The rather proud smile as he glanced around the room gave her a pang of guilt, but he seemed to enjoy the opportunity to show off his knowledge.
‘The couple talking to your father is the local constable and his wife. Colonel Berwick fought at Waterloo with the Black Watch.’
‘A brave man, then.’ Selina memorised the soldier’s face. A good wife paid attention to those who could aid her husband. And she would be a good wife. She was determined to keep her part of the bargain.
‘An unruly Highlander, more like,’ Dunstan grumbled. ‘They give the regiment no end of trouble.’ He was now staring at Ian.
Her blood ran cold. It was as if a chill wind had swept through the room. ‘What sort of trouble?’
‘Illegal whisky stills.
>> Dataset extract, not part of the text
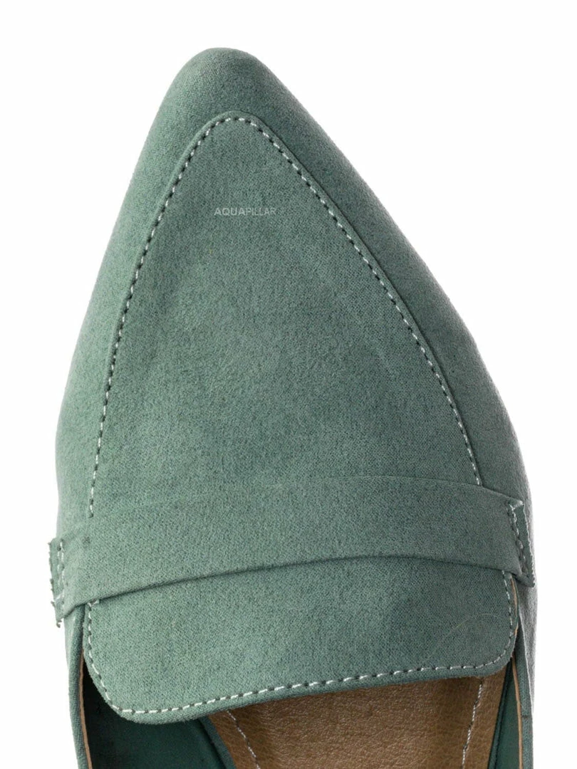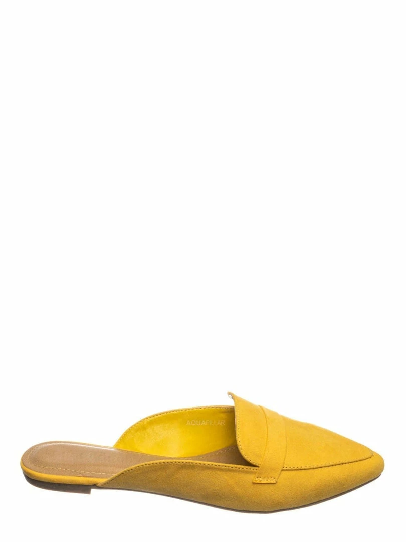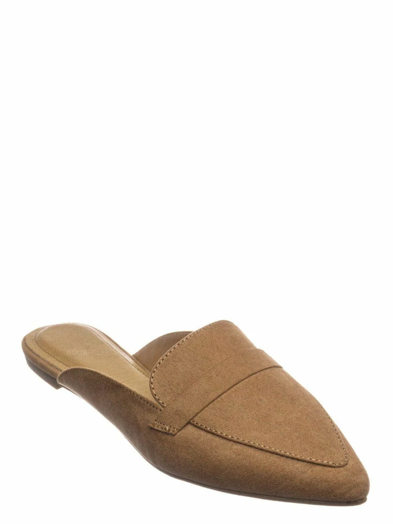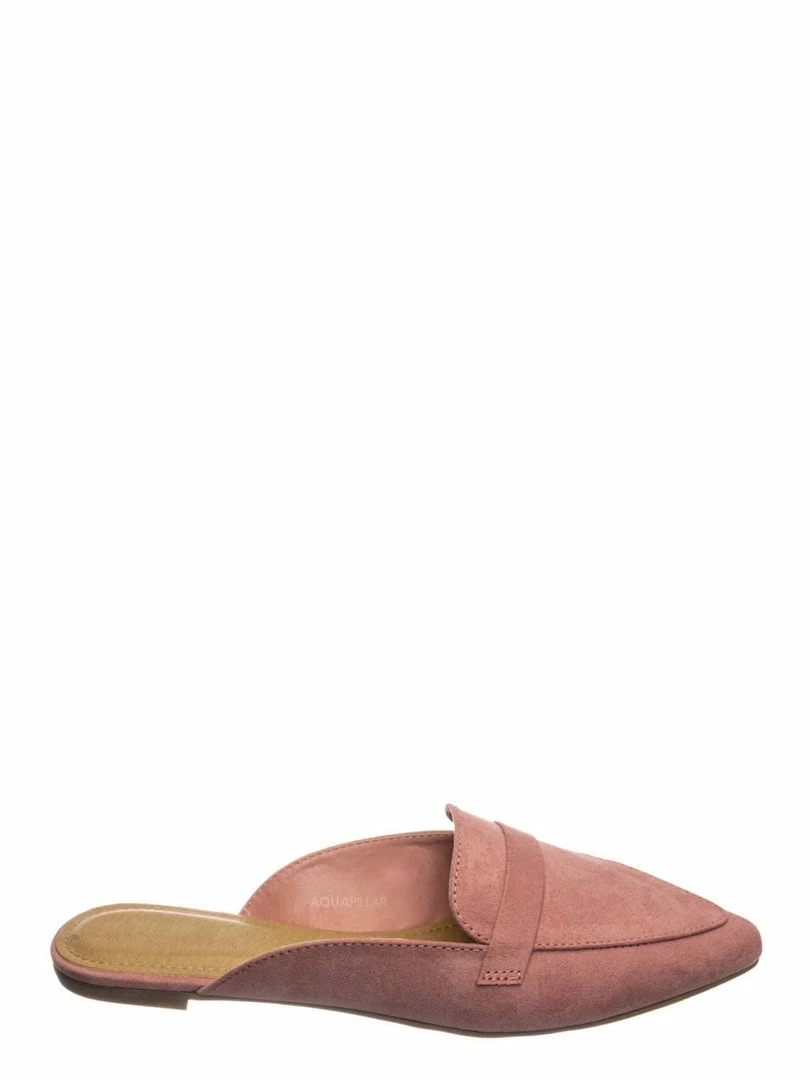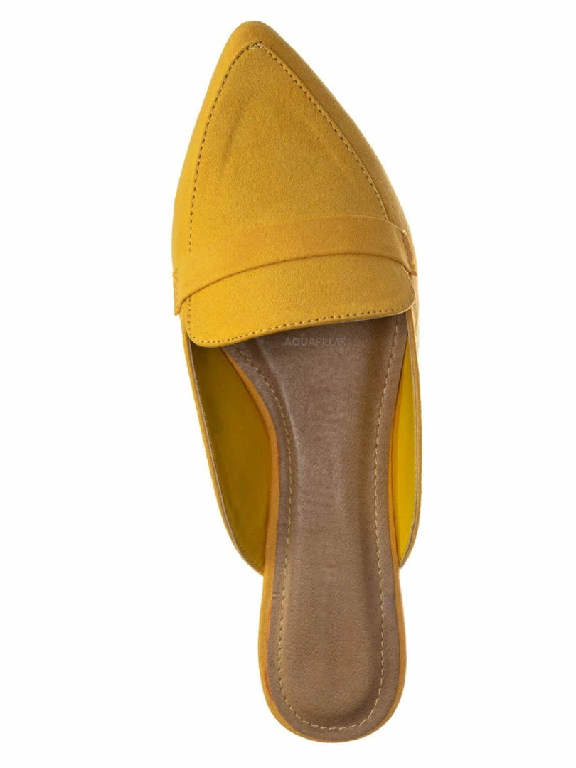 Product Detail : These flats features a pointed closed toe, backless loafer silhoueete, slide in mule construction, parallel cross band oranmentation cross the front of the shoes and lightly padded insole.

Smuggling.’ His gaze narrowed.
If Ian was engaged in smuggling, he was more of a fool than she ever imagined. Without thinking, she noted the way his plaid grazed the tops of his socks as he sauntered with lithe grace to a group of guests not far from her chair.
Her heart hammered so loud she was sure Dunstan must hear it. Would he speak to her? Surely not. What would she say if he did? His words at their last meeting some nine years before had been horrid. Crushing. But more recently he had responded to a written request to call his brother home with a surprising alacrity. For that at least she owed him a debt of gratitude.